MLS recently announced plans for another round of expansion (clubs #29 & #30), but while new investors line up for the right to spend $200 million+ to operate a club in a mid-sized market (Sacramento & St. Louis are primed to land clubs #28 and #29), teams in some of the league’s largest media markets continue to struggle; in fact, one club official told The Athletic that MLS’ “biggest expansion projects aren’t in Miami or Nashville, [they ’re] in places like Dallas and Chicago.”
The league has achieved relative success in cities like Seattle, Portland and Atlanta, where engaged fan bases have provided a glimpse into what soccer in America could be. But the league remains largely irrelevant in cities like New York, Chicago, Philadelphia, Dallas, Boston, Houston and San Francisco and the challenges those clubs face are not easily solved.
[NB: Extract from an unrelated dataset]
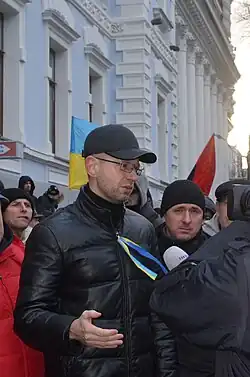 Arseniy Petrovych Yatsenyuk[a][b] (born 22 May 1974) is a Ukrainian politician, economist and lawyer who served two terms as Prime Minister of Ukraine – from 27 February 2014 to 27 November 2014 and from 27 November 2014 to 14 April 2016.[1] He was the youngest foreign affairs minister in Ukraine's history. Arseniy Yatsenyuk holds a diplomatic rank of Extraordinary and Plenipotentiary Ambassador.[2]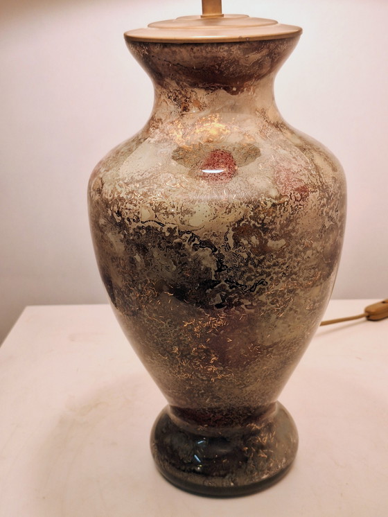 - Base de cristal hecha a mano con varios óxidos metálicos, fabricada en la década de 1970

Dennis Crowley (co-founder of foursquare and the chairman of Kingston Stockade FC) says that ultimately it comes down “MLS masquerading as authentic soccer when it’s not” and the league’s need to move away from its closed structure.
Howie Long-Short: To understand MLS’ problems Crowley says that you have to look at greater consumer trends. “Millennials and Gen-Zs are looking for authentic experiences, things they can have a real emotional connection to; in ways that don’t feel manufactured.They want to feel a connection to what the product is about and what the brand stands for. When an organization isn’t being honest about a product, customers lose faith in it and eventually abandon the brand (see: Facebook with user data).
Crowley theorizes that MLS’ big market problems are not the result of a lack of soccer fans in the U.S., but from its closed system that eliminates the authenticity he speaks of. “There are plenty of people watching soccer, but they’re watching leagues from around the world and that’s because soccer is treated differently here from an accountability and talent acquisition point of view. MLS’ closed system changes the dynamic of the team spend and the competition; and it’s reflected in the fans interest. When teams are not rewarded for their successes or held accountable for their failures, you get this inauthentic mediocracy.” For those who will be quick to point out that the NFL, MLB, NBA and NHL all operate successfully without promotion/relegation, you must remember that they aren’t competing for the U.S. fans attention as the best leagues in the world within their respective sports.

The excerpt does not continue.